Analysts, however, remain bullish on the Indianapolis-based site. 13 out of 20 analysts polled by Thompson Reuters give the stock a rating of "buy," and the consensus price target remains 40 percent higher than the current price.
Investors feel much differently. 37.91 percent of the float on the stock is being sold short, the highest rate of any stock currently being traded on the US markets.
Even before the membership price slash and Thapar’s departure, Angie's List bears had questioned the sustainability of a site that is increasingly losing market share to the wildly popular Yelp Inc. (YELP) . On In their Sept. 10 article “Ain’t it Time to Say Goodbye to Angie’s List” Forbes writer David Trainer pointed out that the company has never made a profit, and is doomed by “its complete lack of profitability and shaky business model.”

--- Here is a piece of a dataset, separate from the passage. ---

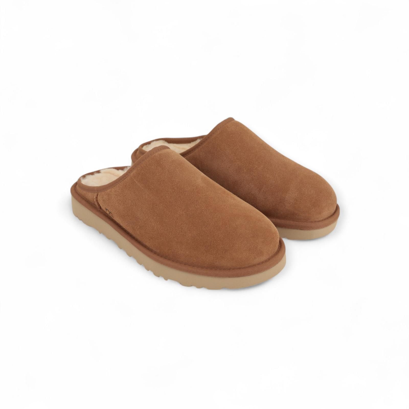 Pantoffel Classic Slip on van UGG voor heren. Deze pantoffel is in cognac (chestnut) suède met wol binnenin. De buitenzool is licht met een antislip afgewerkt met een stoffen bies rond de zool.

CEO William Oestrele has waved off fears that the company is slipping, claiming the new membership model is merely a test as executives continue "trying to understand the impact on member acquisition and retention." Investors, however, are clearly worried that it the move is less likely experimentation and more likely necessity prompted by slipping membership rates.
Despite analyst bullishness that puts a consensus price target of $29 a share on Angie’s List, for now the market is definitely skittish on the stock. The stock plummeted 16.25 percent to hit $17.58 a share.